TEMPO Interaktif, Semarang - Kepolisian Daerah Jawa Tengah mengaku kesulitan memberantas peredaran minuman keras oplosan yang sudah mengakibatkan beberapa korban meninggal. "Selama ini, yang terjadi minuman oplosan itu dibuat di rumah-rumah tangga. Kami ga mampu harus mengawasi sampai di dapur-dapur orang," kata Kepala Kepolisian Daerah Jawa Tengah Inspektur Jenderal Edward Aritonang di Semarang, Senin 14 Maret 2011.
Dalam kurun waktu 10 hari terakhir, korban meninggal dunia akibat menenggak minuman keras oplosan di Semarang sudah mencapai 13 orang. Dua korban terakhir adalah Suratin, 47, dan Janoka, 40, warga Jalan Rowosari Wonosari, Ngalian, Semarang. Keduanya tewas pada Minggu (13/3) lalu.
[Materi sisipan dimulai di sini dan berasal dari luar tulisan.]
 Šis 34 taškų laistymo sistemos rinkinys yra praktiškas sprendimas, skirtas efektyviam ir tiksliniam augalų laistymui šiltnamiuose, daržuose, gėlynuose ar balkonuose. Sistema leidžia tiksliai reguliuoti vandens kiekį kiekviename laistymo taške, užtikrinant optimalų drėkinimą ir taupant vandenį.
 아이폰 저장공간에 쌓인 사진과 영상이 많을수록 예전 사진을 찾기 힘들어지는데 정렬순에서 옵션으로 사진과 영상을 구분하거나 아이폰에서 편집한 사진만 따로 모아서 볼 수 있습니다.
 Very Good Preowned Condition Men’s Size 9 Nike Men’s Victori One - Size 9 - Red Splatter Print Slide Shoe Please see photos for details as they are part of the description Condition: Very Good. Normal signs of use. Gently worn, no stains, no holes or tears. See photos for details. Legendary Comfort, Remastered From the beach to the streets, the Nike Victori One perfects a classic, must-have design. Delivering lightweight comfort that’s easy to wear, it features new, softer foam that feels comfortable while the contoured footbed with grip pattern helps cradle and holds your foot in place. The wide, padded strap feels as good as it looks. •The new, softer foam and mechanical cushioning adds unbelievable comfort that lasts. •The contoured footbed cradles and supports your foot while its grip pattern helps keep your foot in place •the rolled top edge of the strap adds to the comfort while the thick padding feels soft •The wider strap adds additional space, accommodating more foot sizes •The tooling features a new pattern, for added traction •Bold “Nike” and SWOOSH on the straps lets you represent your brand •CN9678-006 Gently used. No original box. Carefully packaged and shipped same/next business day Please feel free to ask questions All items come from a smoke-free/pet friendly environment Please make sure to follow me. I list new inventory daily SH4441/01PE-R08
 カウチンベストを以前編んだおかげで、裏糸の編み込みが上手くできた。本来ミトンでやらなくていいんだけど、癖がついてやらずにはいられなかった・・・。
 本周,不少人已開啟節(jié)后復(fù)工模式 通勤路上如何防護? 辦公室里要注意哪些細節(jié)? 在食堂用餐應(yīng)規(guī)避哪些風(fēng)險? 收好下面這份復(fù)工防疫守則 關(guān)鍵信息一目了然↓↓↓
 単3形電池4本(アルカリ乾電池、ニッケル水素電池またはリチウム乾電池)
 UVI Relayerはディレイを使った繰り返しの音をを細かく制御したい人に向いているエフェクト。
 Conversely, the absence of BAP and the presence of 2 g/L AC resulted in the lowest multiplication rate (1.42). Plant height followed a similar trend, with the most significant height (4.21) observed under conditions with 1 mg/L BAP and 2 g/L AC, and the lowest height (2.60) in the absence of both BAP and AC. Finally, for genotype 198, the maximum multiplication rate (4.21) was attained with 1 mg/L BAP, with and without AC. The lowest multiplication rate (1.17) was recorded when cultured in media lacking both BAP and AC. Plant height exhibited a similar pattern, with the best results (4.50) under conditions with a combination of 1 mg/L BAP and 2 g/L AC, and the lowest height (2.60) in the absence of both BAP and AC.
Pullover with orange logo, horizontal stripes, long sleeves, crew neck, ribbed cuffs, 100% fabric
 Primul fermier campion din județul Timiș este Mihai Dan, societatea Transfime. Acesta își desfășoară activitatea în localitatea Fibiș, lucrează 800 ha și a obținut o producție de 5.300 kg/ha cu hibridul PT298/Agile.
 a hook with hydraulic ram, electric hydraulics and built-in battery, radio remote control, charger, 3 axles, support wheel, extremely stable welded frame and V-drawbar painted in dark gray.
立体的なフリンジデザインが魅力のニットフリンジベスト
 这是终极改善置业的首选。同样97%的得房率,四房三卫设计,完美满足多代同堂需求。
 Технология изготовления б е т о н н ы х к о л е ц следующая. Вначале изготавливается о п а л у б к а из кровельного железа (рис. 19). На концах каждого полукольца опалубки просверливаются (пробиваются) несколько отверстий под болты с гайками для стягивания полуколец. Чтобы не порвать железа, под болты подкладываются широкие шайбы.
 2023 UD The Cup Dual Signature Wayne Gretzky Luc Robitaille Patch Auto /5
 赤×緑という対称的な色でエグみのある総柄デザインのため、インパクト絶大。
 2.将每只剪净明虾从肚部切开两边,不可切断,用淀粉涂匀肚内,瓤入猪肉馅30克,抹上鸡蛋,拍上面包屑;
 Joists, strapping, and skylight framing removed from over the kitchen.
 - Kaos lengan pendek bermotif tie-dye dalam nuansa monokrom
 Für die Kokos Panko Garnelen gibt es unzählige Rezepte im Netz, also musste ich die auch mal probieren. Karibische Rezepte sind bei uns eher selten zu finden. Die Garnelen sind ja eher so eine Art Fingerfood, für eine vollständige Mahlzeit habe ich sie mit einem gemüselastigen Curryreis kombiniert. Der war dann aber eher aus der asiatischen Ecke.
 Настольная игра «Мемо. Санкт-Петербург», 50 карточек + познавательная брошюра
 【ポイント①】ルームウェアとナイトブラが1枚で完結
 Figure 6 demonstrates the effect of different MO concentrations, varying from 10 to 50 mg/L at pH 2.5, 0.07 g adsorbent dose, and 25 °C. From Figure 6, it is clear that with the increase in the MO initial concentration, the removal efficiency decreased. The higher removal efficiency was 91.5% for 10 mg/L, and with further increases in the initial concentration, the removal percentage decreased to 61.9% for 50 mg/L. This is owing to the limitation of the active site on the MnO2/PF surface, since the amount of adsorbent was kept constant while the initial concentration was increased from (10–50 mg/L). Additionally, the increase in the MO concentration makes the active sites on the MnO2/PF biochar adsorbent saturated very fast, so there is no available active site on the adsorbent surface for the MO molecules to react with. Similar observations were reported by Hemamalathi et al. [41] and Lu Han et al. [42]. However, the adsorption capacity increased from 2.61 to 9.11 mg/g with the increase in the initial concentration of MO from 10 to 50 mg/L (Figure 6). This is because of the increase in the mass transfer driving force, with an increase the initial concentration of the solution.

Edward menyatakan banyak kasus peredaran minuman oplosan dilakukan secara sembunyi-sembunyi. Para pengguna minuman oplosan, kata Edward, berkumpul di suatu tempat lalu menengak minuman haram itu secara bersama-sama. Bahkan, kata Edward, pembuat minuman keras oplosan juga memiliki izin usaha, seperti pembuatan alkohol untuk disetorkan ke rumah sakit. "Tapi mereka membuat minuman oplosan," kata Edward.
Edward meminta agar masyarakat aktif melaporkan jika mengetahui adanya pembuatan minuman oplosan. Sebab, itu akan memudahkan kinerja polisi untuk memberantas minuman berbahaya tersebut. Edward menyatakan salah satu ukuran keberhasilan untuk menilai kinerja polisi di satuan wilayah adalah sejauhmana keberhasilan memberantas minuman keras. Jika masyarakat disuatu daerah sudah melaporkan adanya minuman beralkohol itu tapi pimpinan polisi di wilayah itu tak menindaklanjutinya, maka menurut Edward, polisi tersebut tak layak memimpin institusi kepolisian wilayah setempat.
Ia setuju pelaku pembuat minuman oplosan harus dihukum seberat-beratnya. Dia menilai undang-undang minuman keras dinilai terlalu lemah untuk menjerat pembuat minuman oplosan. Jika ada yang meninggal dunia akibat miras maka ancaman hukumannya akan diperberat, misalnya menggunakan KUHP.